■ WORK ORDER: Pictures excluded, reproduce exactly the lines below from the one with "Una gran vela" through the one with "Индукционная плита Abat", both included.
─── MATERIAL FOR THIS EXERCISE ───
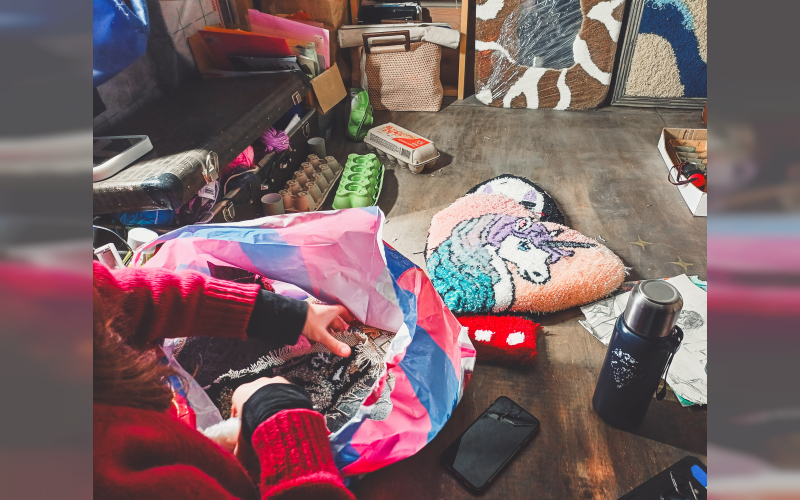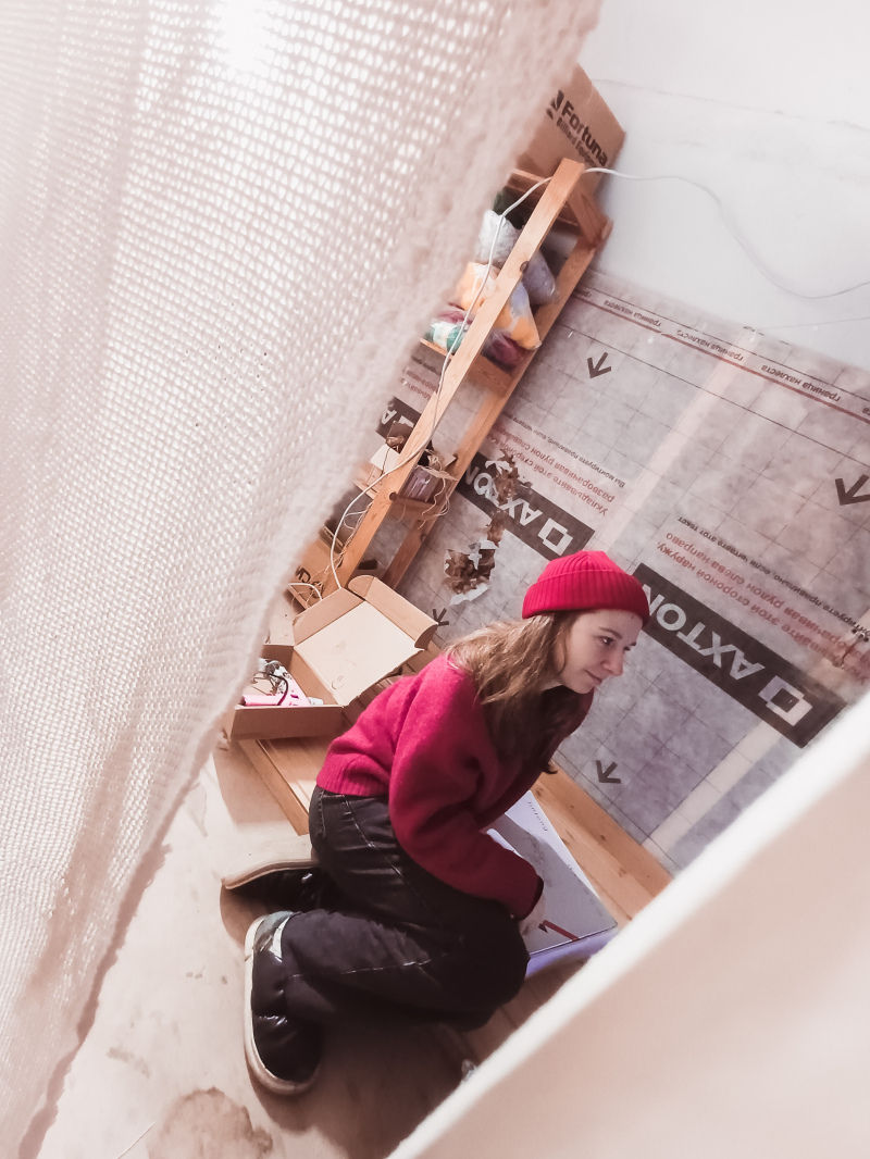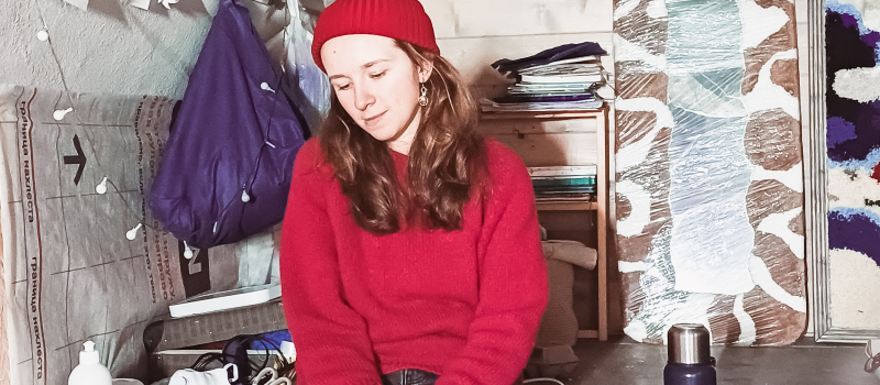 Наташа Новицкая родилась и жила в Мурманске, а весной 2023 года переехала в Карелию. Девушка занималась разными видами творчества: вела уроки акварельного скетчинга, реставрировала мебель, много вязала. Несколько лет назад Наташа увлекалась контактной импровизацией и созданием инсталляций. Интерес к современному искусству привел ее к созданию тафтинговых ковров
───
─── MATERIAL FOR THIS EXERCISE ───
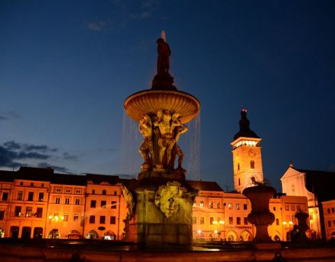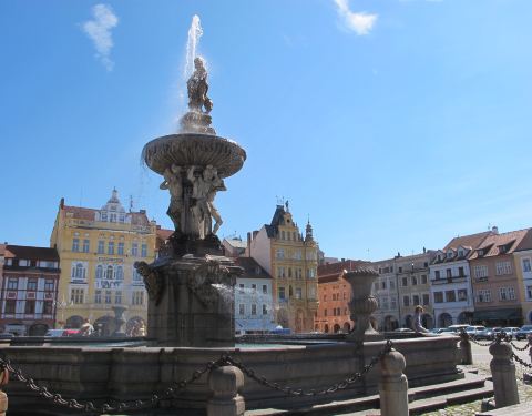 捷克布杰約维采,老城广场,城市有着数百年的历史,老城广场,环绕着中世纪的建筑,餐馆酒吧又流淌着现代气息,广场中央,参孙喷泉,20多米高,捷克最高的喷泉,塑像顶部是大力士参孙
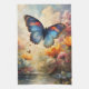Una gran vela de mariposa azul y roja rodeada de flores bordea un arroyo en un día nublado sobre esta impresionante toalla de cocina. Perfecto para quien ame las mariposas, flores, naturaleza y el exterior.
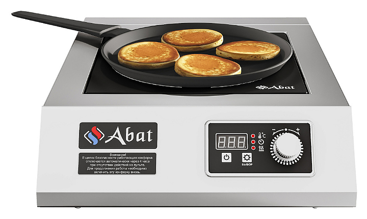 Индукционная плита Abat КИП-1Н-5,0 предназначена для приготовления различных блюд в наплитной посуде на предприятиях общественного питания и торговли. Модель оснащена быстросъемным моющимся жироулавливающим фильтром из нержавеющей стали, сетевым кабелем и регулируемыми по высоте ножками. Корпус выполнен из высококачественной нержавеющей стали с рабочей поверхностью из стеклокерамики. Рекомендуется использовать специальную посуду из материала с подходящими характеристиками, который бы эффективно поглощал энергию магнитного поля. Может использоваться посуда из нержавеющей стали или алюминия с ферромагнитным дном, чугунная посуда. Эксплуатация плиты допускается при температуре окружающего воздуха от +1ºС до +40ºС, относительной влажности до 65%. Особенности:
───
■ EXPECTED OUTPUT:
Una gran vela de mariposa azul y roja rodeada de flores bordea un arroyo en un día nublado sobre esta impresionante toalla de cocina. Perfecto para quien ame las mariposas, flores, naturaleza y el exterior.
 Индукционная плита Abat КИП-1Н-5,0 предназначена для приготовления различных блюд в наплитной посуде на предприятиях общественного питания и торговли. Модель оснащена быстросъемным моющимся жироулавливающим фильтром из нержавеющей стали, сетевым кабелем и регулируемыми по высоте ножками. Корпус выполнен из высококачественной нержавеющей стали с рабочей поверхностью из стеклокерамики. Рекомендуется использовать специальную посуду из материала с подходящими характеристиками, который бы эффективно поглощал энергию магнитного поля. Может использоваться посуда из нержавеющей стали или алюминия с ферромагнитным дном, чугунная посуда. Эксплуатация плиты допускается при температуре окружающего воздуха от +1ºС до +40ºС, относительной влажности до 65%. Особенности:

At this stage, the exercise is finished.